Thranduil era accanto a lei, addormentato. Era coperto solo dal lenzuolo, e questo la stupì: il re non dormiva mai nudo.
"E' da selvaggi." le aveva detto una volta. Di solito portava una lunga veste di raso leggerissimo, che ora era adagiata morbidamente in fondo al letto.

Roswehn immaginó che fosse la sua ultima provocazione: mostrarsi in quel modo a lei, che aveva il divieto di toccarlo, era come pungolare una ferita già aperta. Un giorno capirò da dove viene tutta questa perfidia, pensó. Delle volte non riesco quasi a credere che tu sia un elfo.

Osservó la perfezione del suo petto a cui il passare dei millenni non era riuscito a togliere tono e definizione.

C'era una gran bella differenza con i corpi degli uomini mortali che aveva visto: quando abitava a Pontelagolungo e ogni tanto d'estate passeggiava sui pontili, si fermava ad osservare i pescatori. Forse era solo una coincidenza, ma quando lei si avvicinava al molo si toglievano subito le casacche, con la scusa del caldo, e rivelavano pance grasse, molli, oppure torsi troppo magrolini, con le costole che spuntavano sotto le pelli scottate dal sole.

Paragonato a loro, il re elfico era una specie di statua scolpita dallo scultore personale di Eru. L'unica caratteristica a cui la ragazza non riusciva ad abituarsi era la mancanza dei capezzoli: dava al suo corpo un aspetto un po' strano, quasi grottesco, seppur bellissimo.

E quel viso meraviglioso.
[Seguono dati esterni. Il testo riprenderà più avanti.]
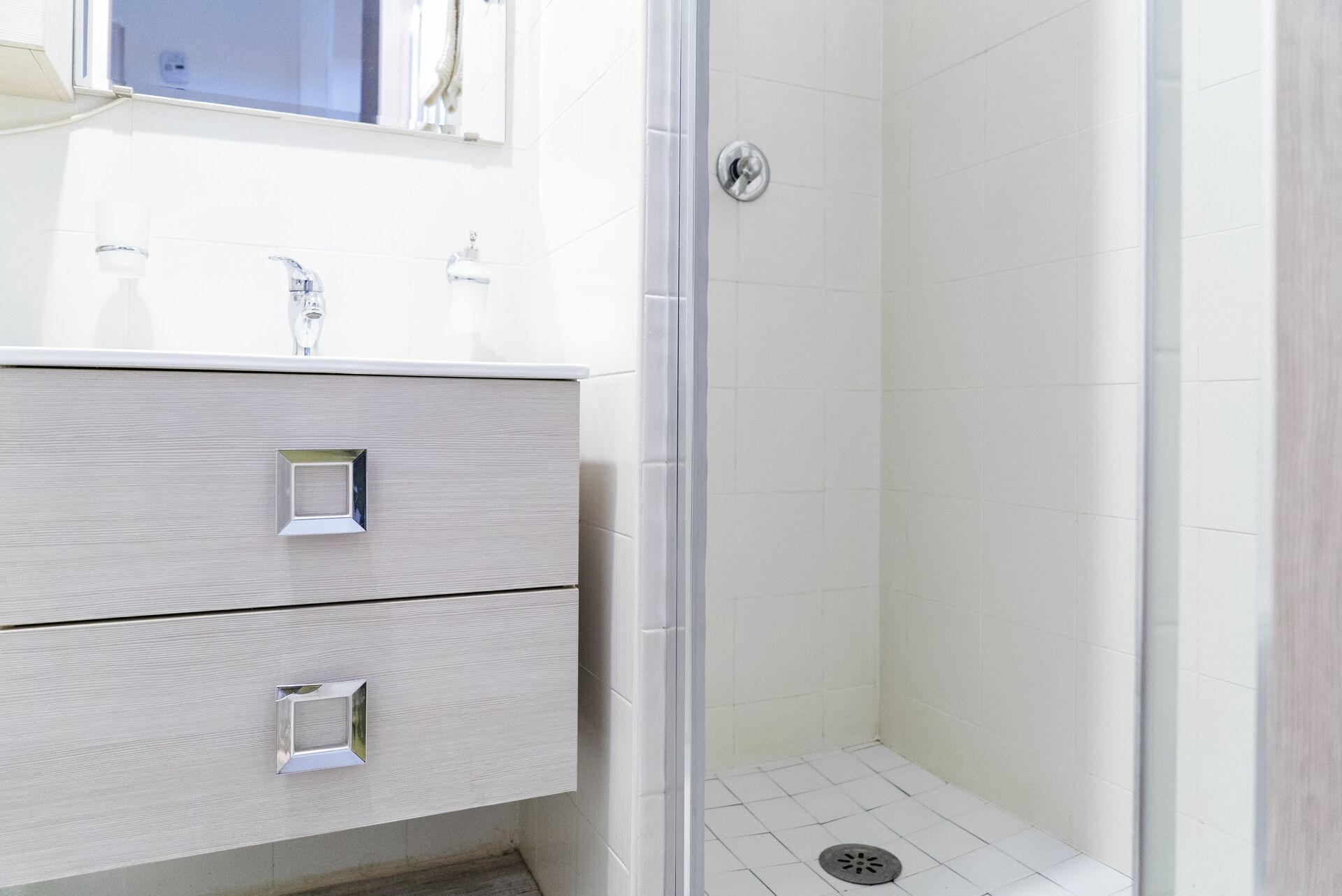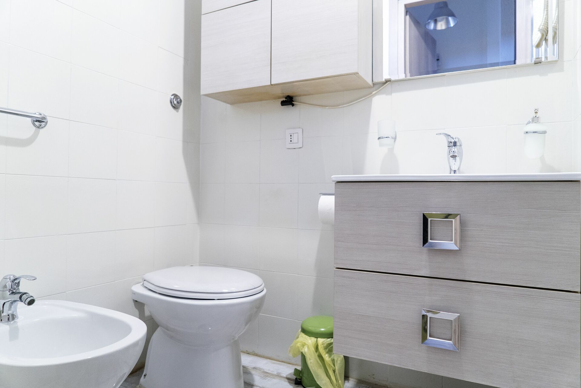 Badezimmer (7 m2): Waschbecken, WC, Bidet, Dusche, Fön, WiFi Internet.

Thranduil aveva un profilo disegnato dagli dèi. Inizió a sentire l'impulso di gettarsi su di lui, ma doveva resistere.

Primo, perché non voleva dargliela vinta. Secondo, perché aveva avuto la netta sensazione che la sua decisione di interrompere i rapporti con lei fosse stato un ordine. Andare contro quell'ordine, avrebbe potuto avere delle nuove, spiacevoli conseguenze. La donna non voleva finire di nuovo in una cella oscura, anche perché stavolta il principe non sarebbe più venuto a liberarla, ne era sicura. Fregami una volta vergogna a me, fregami due volte vergogna a te, diceva il motto.

Legolas non era uno stupido. Le voleva bene, ma, ragazzi, lo aveva preso in giro senza tanti complimenti con la recita del graffietto sui polsi. Ora, altruista sì, ma beota no.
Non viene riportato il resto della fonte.